▶ Recorded data
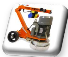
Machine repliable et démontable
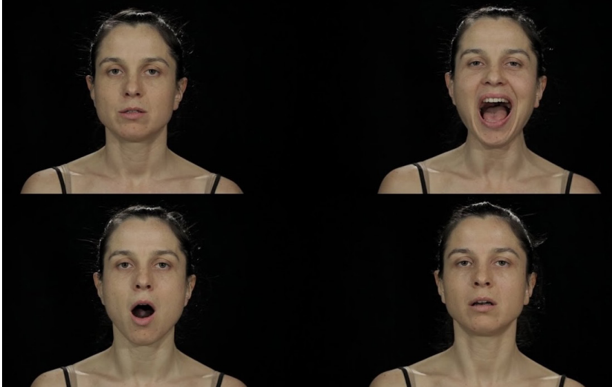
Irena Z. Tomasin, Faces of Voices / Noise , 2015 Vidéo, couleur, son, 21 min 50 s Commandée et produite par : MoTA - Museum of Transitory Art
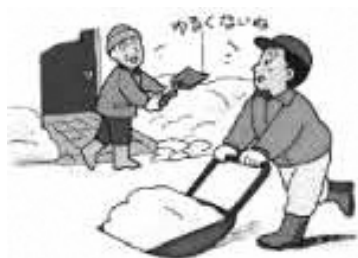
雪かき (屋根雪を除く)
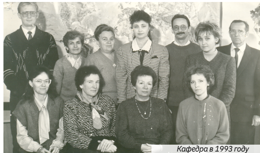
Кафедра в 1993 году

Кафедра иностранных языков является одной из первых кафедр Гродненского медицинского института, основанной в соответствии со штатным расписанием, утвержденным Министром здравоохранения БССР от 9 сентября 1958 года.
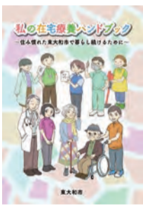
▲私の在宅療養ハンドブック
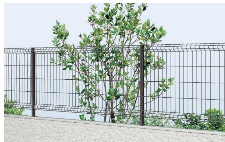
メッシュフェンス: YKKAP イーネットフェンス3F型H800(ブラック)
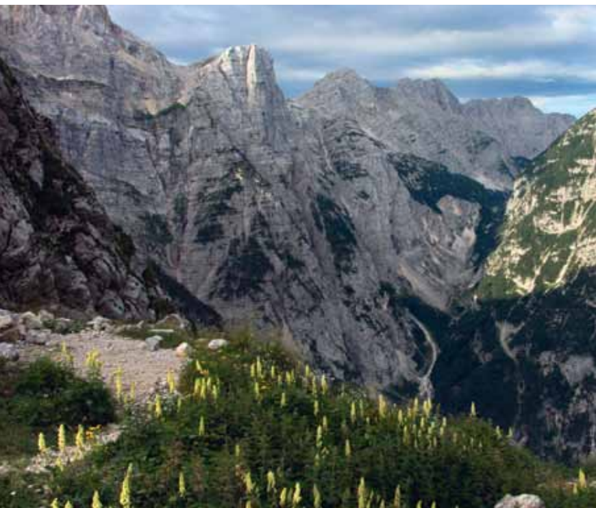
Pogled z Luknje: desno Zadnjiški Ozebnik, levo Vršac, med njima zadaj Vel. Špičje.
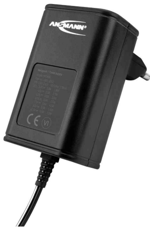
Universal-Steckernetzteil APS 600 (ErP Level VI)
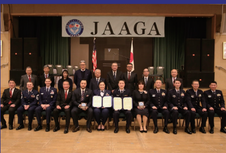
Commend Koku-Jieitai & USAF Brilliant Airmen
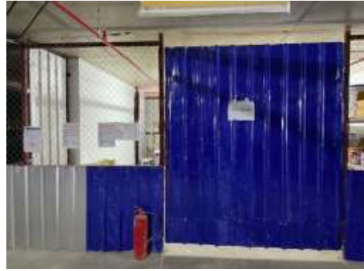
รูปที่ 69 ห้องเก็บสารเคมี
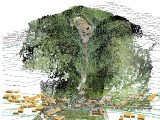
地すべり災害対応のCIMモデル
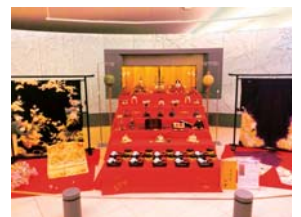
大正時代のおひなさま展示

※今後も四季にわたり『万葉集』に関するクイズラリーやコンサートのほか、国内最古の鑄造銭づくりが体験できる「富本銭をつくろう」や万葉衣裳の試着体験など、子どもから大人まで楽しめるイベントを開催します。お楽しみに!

▶ Instructions to follow
Copy the listing character for character, pictures omitted.

▶ Exercise response
Machine repliable et démontable
Irena Z. Tomasin, Faces of Voices / Noise , 2015 Vidéo, couleur, son, 21 min 50 s Commandée et produite par : MoTA - Museum of Transitory Art
雪かき (屋根雪を除く)
Кафедра в 1993 году

Кафедра иностранных языков является одной из первых кафедр Гродненского медицинского института, основанной в соответствии со штатным расписанием, утвержденным Министром здравоохранения БССР от 9 сентября 1958 года.
▲私の在宅療養ハンドブック
メッシュフェンス: YKKAP イーネットフェンス3F型H800(ブラック)
Pogled z Luknje: desno Zadnjiški Ozebnik, levo Vršac, med njima zadaj Vel. Špičje.
Universal-Steckernetzteil APS 600 (ErP Level VI)
Commend Koku-Jieitai & USAF Brilliant Airmen
รูปที่ 69 ห้องเก็บสารเคมี
地すべり災害対応のCIMモデル
大正時代のおひなさま展示

※今後も四季にわたり『万葉集』に関するクイズラリーやコンサートのほか、国内最古の鑄造銭づくりが体験できる「富本銭をつくろう」や万葉衣裳の試着体験など、子どもから大人まで楽しめるイベントを開催します。お楽しみに!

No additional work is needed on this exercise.